(DATA)
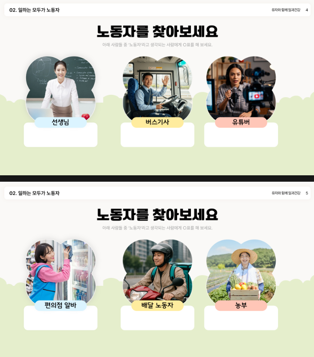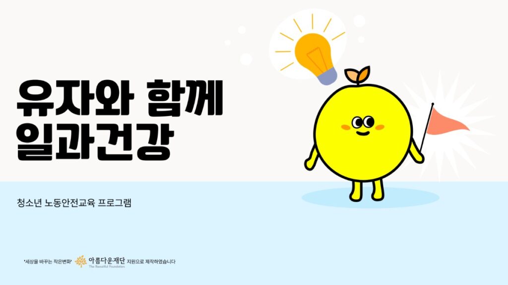 ‘유자와 함께 일과건강’은 어린이 청소년들이 내 옆의 노동자가 어떤 위험을 안고 일하고 있는지 이야기하며, 일터에서 나 자신을 지키는 방법, 그리고 안전하고 건강한 세상을 위해 우리가 함께 어떤 일을 할 수 있는지 일상적인 언어로 함께 만들어가는 교육 프로젝트입니다.
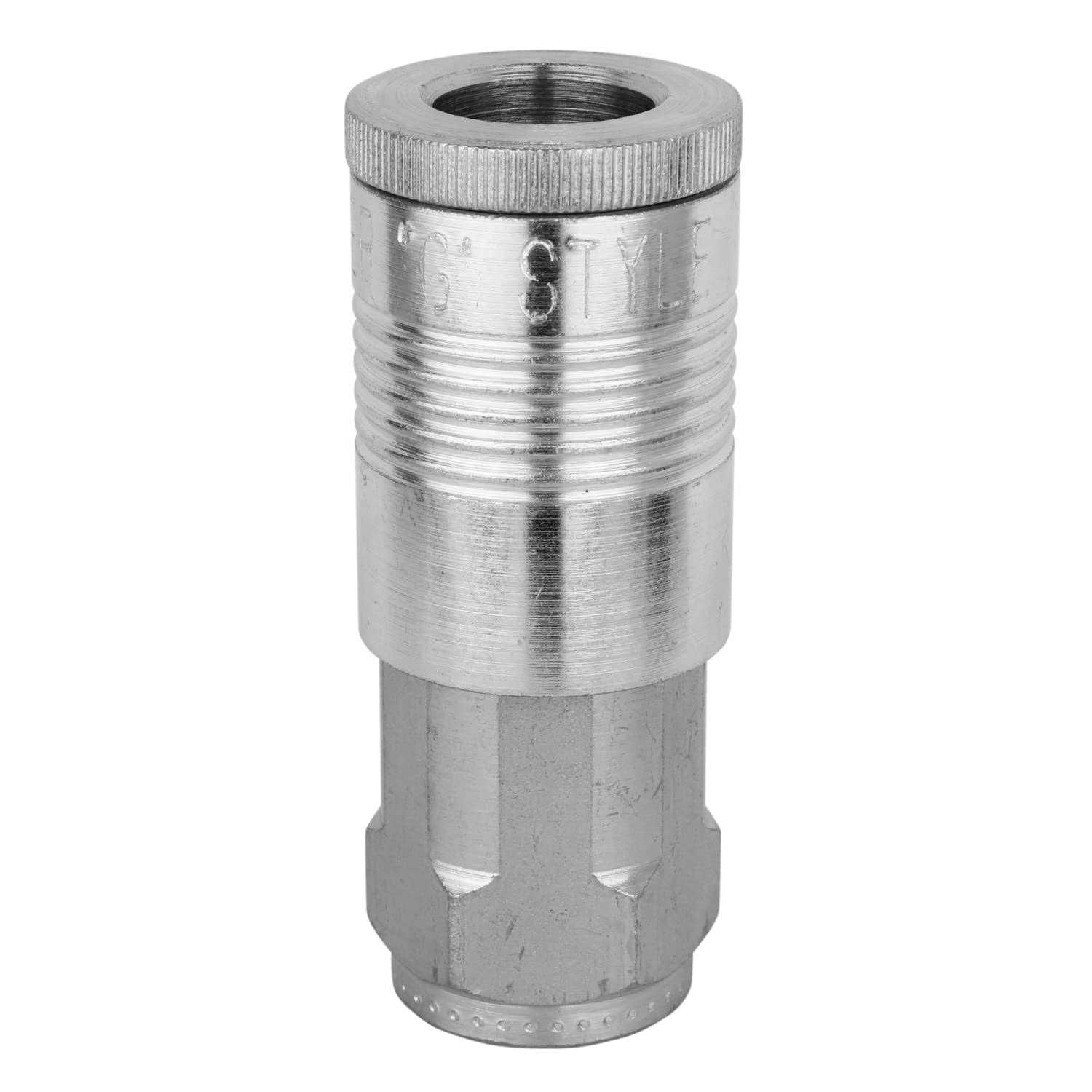G-style coupler bodies are steel, plated to resist rust. They feature maximum inlet pressure at 300 Psi. They also feature maximum temperature of 250 degrees F. These basic bodies work with either industrial interchange or tru-flate/parker style plugs.
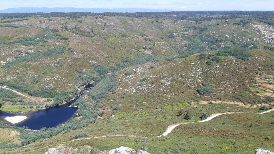 Ao lado direito, acima do meio da foto, por debaixo do tufo visível de mimosas e silvados, no alto desse morro, jazem enterrados – abandonados – os vestígios do “Castro do Vieiro” (ou do Crasto, como por aqui também se pronuncia), uma primitiva aldeia castreja cujo início murado remonta a uns 3 000 anos atrás.
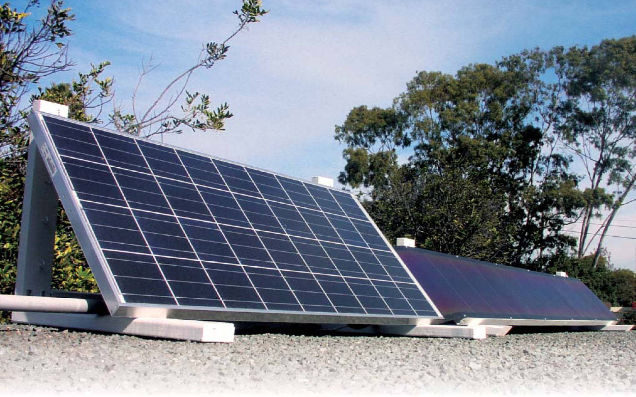 Figure 1. Photovoltaic panels for a dual system. The taller one is a 130-W polycrystalline panel that operates at 16% efficiency. It consists of 36 silicon p–n junctions, or cells, in series, each with an open-circuit (zero-current) voltage of 0.6 V. The narrower, long panel is a 64-W triple-junction amorphous arrangement of 11 cells in series; each cell operates at 1.9 V and 8% efficiency. Both panels are situated in frames that allow seasonal tilt adjustments. Here they are arranged for winter use.
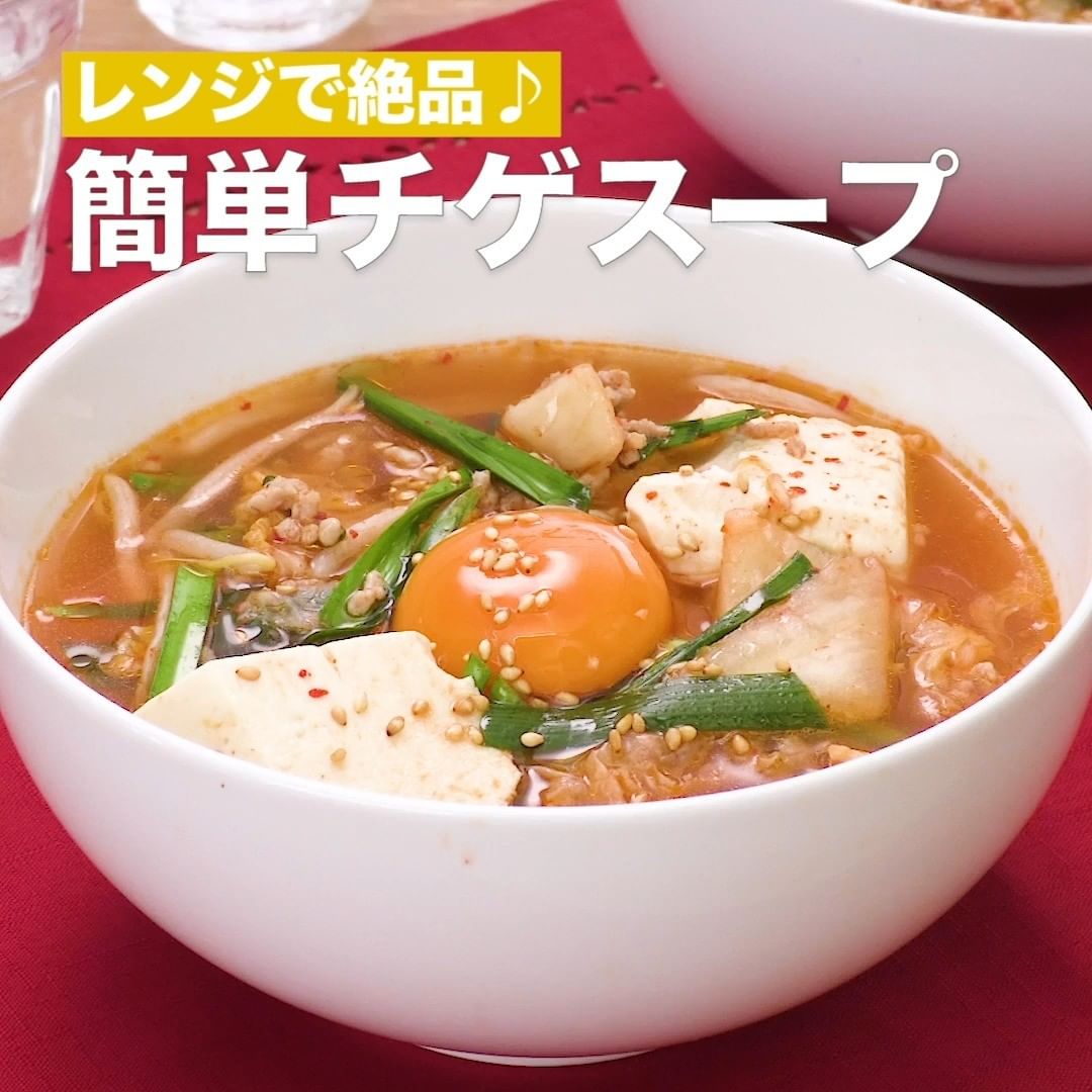 お野菜たっぷり♪一品でも大満足の具沢山スープのご紹介です!キムチをたっぷり入れてピリッとした辛さが食欲を刺激します!コンロと包丁は使わず、サクッと仕上がるボリューム満点なおかずスープです♪
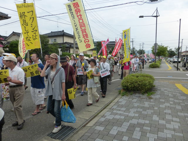 盛りだくさんの内容で、しかもどの発言も重い内容で「福島に学べば再稼働などあり得ない」と。集会宣言には震災関連死が1700名に達し、子供89人に甲状腺癌(疑いも含む)が見つかっていると。地元民に「勇気をもって原発と決別して欲しい」と呼びかけも盛り込んだ。その後デモ行進に移る
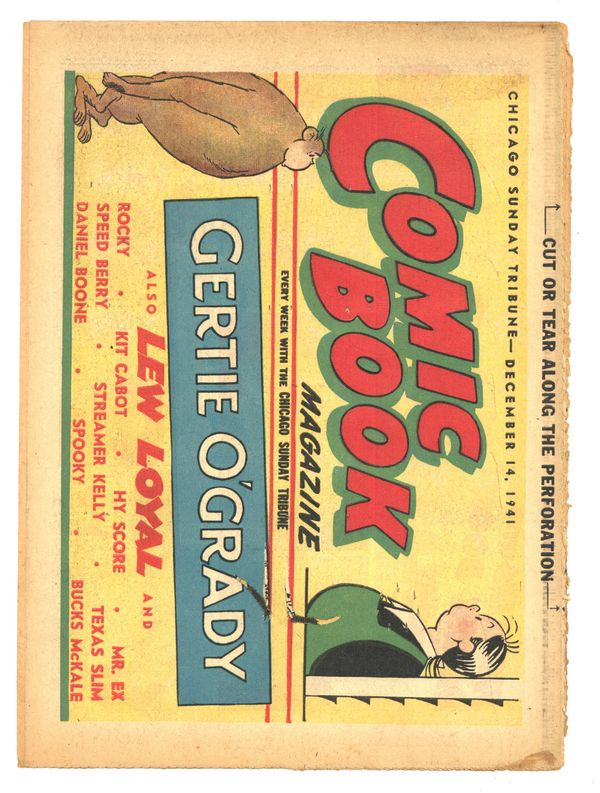 Published Dec 1941 by Chicago Tribune.$40.00December 14, 1941. Comic Book Magazine is published by the Chicago Tribune. Enjoy such comic strips as Texas Slim and Dirty Dalton, Lew Loyal, Kit Cabot, Spooky, Fighting with Daniel Boone, and many more. Originally came each Sunday with the Chicago Sunday Tribune. 16 pages, full color, 18.50-in X 13.25-in.
(End DATA)
* EXERCISE *
What to print is the stretch of entries from the line with "G-style coupler bodies" up to and including the line with "お野菜たっぷり♪一品でも大満". Please print it exactly and leave out the pictures.

* PROBLEM SOLUTION *
G-style coupler bodies are steel, plated to resist rust. They feature maximum inlet pressure at 300 Psi. They also feature maximum temperature of 250 degrees F. These basic bodies work with either industrial interchange or tru-flate/parker style plugs.
 Ao lado direito, acima do meio da foto, por debaixo do tufo visível de mimosas e silvados, no alto desse morro, jazem enterrados – abandonados – os vestígios do “Castro do Vieiro” (ou do Crasto, como por aqui também se pronuncia), uma primitiva aldeia castreja cujo início murado remonta a uns 3 000 anos atrás.
 Figure 1. Photovoltaic panels for a dual system. The taller one is a 130-W polycrystalline panel that operates at 16% efficiency. It consists of 36 silicon p–n junctions, or cells, in series, each with an open-circuit (zero-current) voltage of 0.6 V. The narrower, long panel is a 64-W triple-junction amorphous arrangement of 11 cells in series; each cell operates at 1.9 V and 8% efficiency. Both panels are situated in frames that allow seasonal tilt adjustments. Here they are arranged for winter use.
 お野菜たっぷり♪一品でも大満足の具沢山スープのご紹介です!キムチをたっぷり入れてピリッとした辛さが食欲を刺激します!コンロと包丁は使わず、サクッと仕上がるボリューム満点なおかずスープです♪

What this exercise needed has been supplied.